To enable EMR to access the Hopsworks Feature Store, you need to set up a Hopsworks API key, add a bootstrap action and configurations to your EMR cluster.

Info

Ensure Networking is set up correctly before proceeding with this guide.

Step 1: Set up a Hopsworks API key#

For instructions on how to generate an API key follow this user guide. For the EMR integration to work correctly make sure you add the following scopes to your API key:

  1. featurestore
  2. project
  3. job
  4. kafka

Store the API key in the AWS Secrets Manager#

In the AWS management console ensure that your active region is the region you use for EMR. Go to the AWS Secrets Manager and select Store new secret. Select Other type of secrets and add api-key as the key and paste the API key created in the previous step as the value. Click next.

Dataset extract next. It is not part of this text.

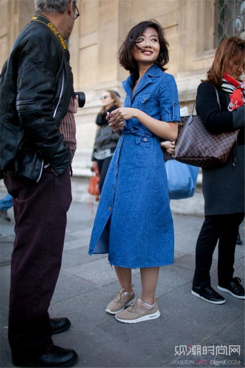 牛仔蓝色连衣裙轻松用一件单品穿出优雅魅力的气场。相比其他衣着的单品搭配更有着简约随性的大气感。
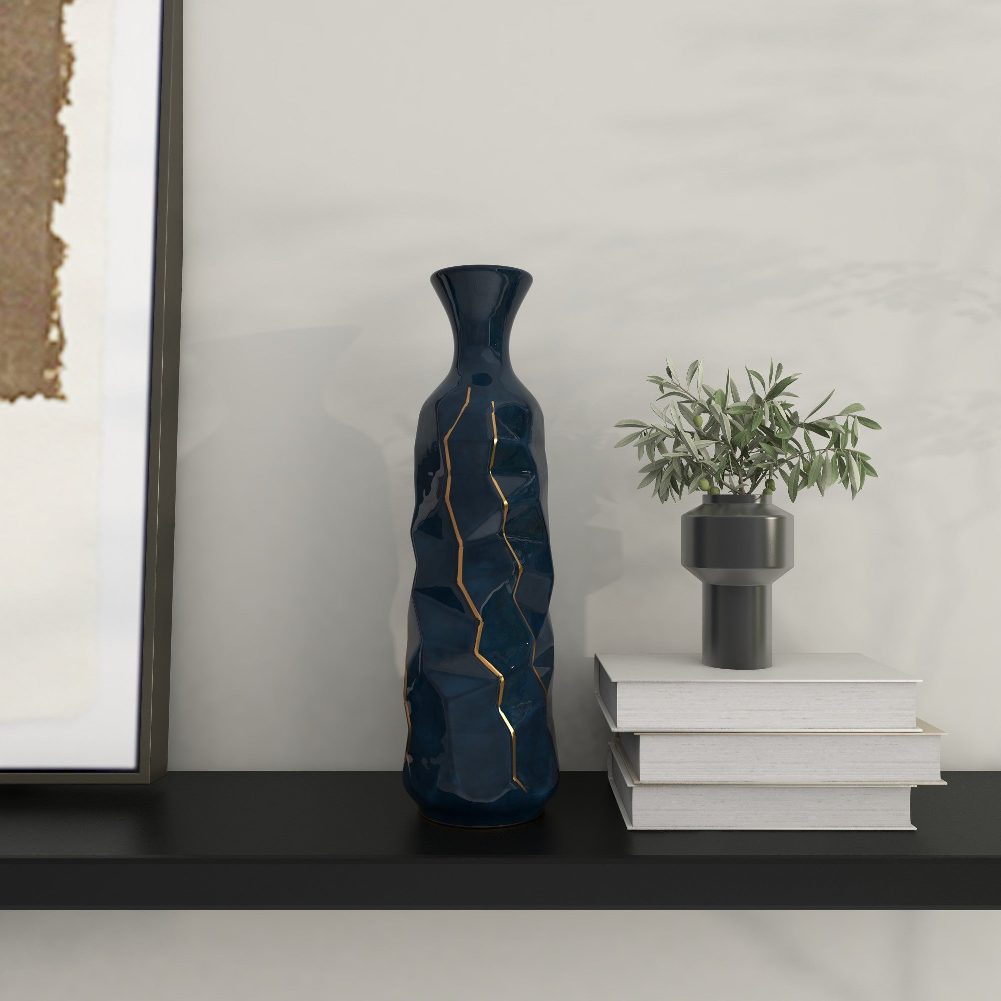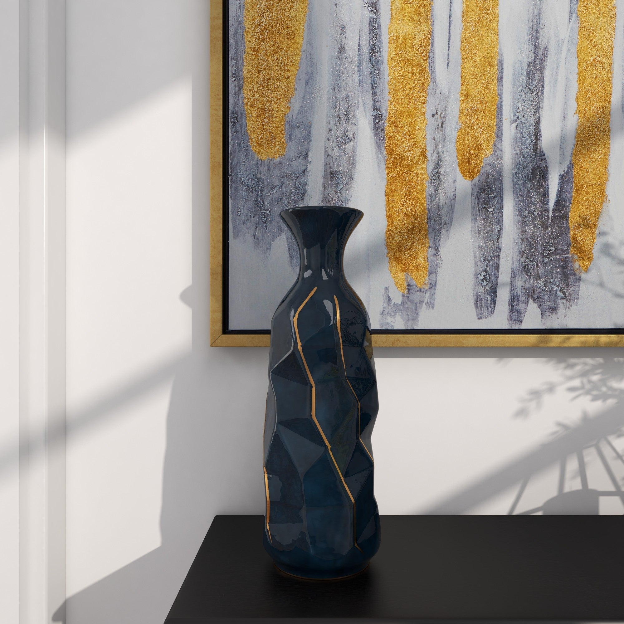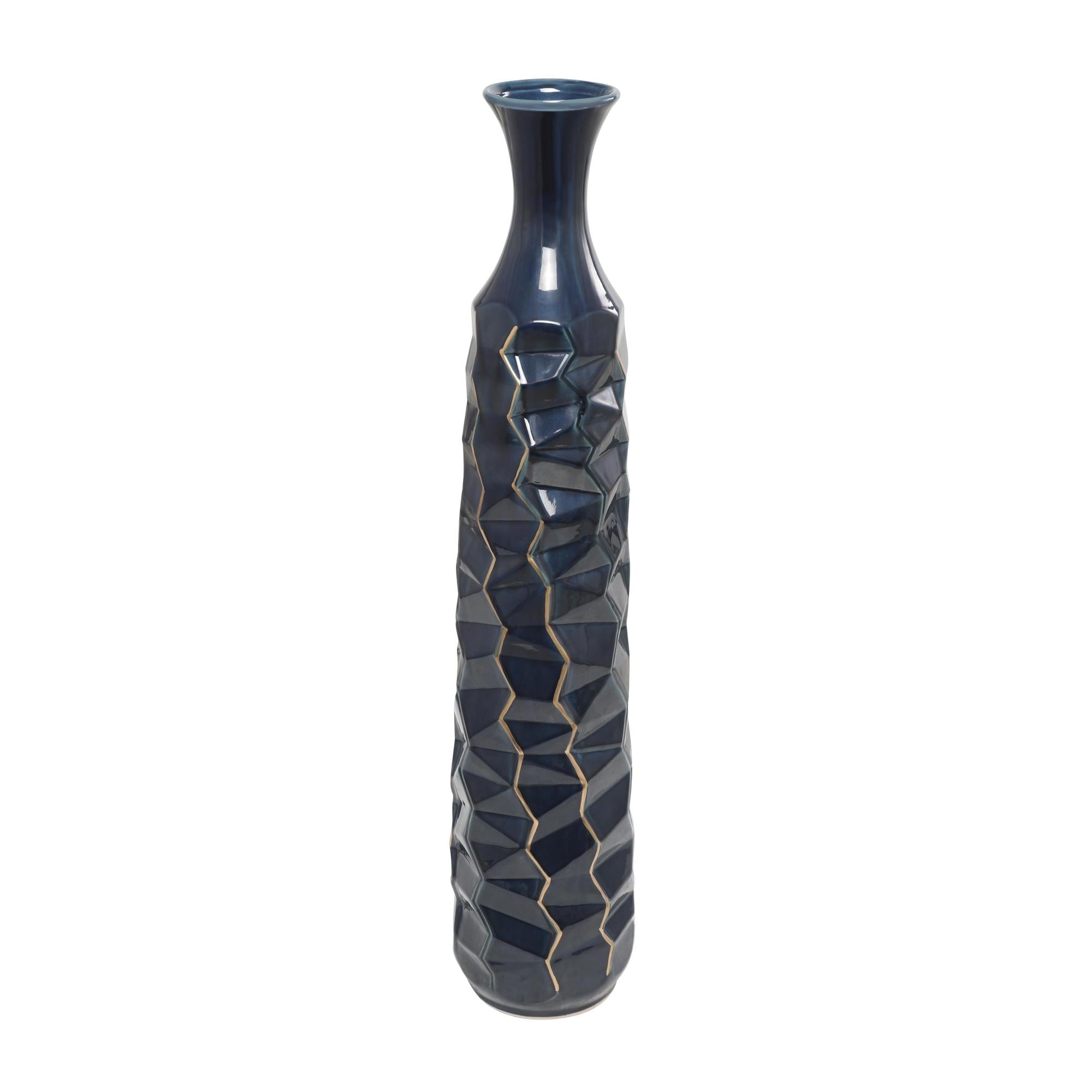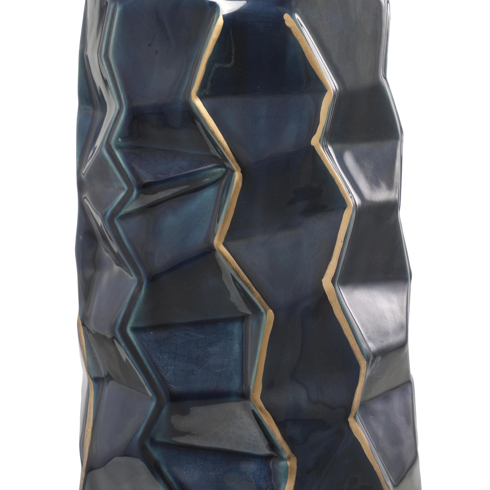 Teal Ceramic Geometric Floor Decorative Vase with Gold Accents

Store a Hopsworks API key in the Secrets Manager
Store a Hopsworks API key in the Secrets Manager

As a secret name, enter hopsworks/featurestore. Select next twice and finally store the secret. Then click on the secret in the secrets list and take note of the Secret ARN.

Name the secret
Name the secret

Grant access to the secret to the EMR EC2 instance profile#

Identify your EMR EC2 instance profile in the EMR cluster summary:

Identify your EMR EC2 instance profile
Identify your EMR EC2 instance profile

In the AWS Management Console, go to IAM, select Roles and then the EC2 instance profile used by your EMR cluster. Select Add inline policy. Choose Secrets Manager as a service, expand the Read access level and check GetSecretValue. Expand Resources and select Add ARN. Paste the ARN of the secret created in the previous step. Click on Review, give the policy a name and click on Create policy.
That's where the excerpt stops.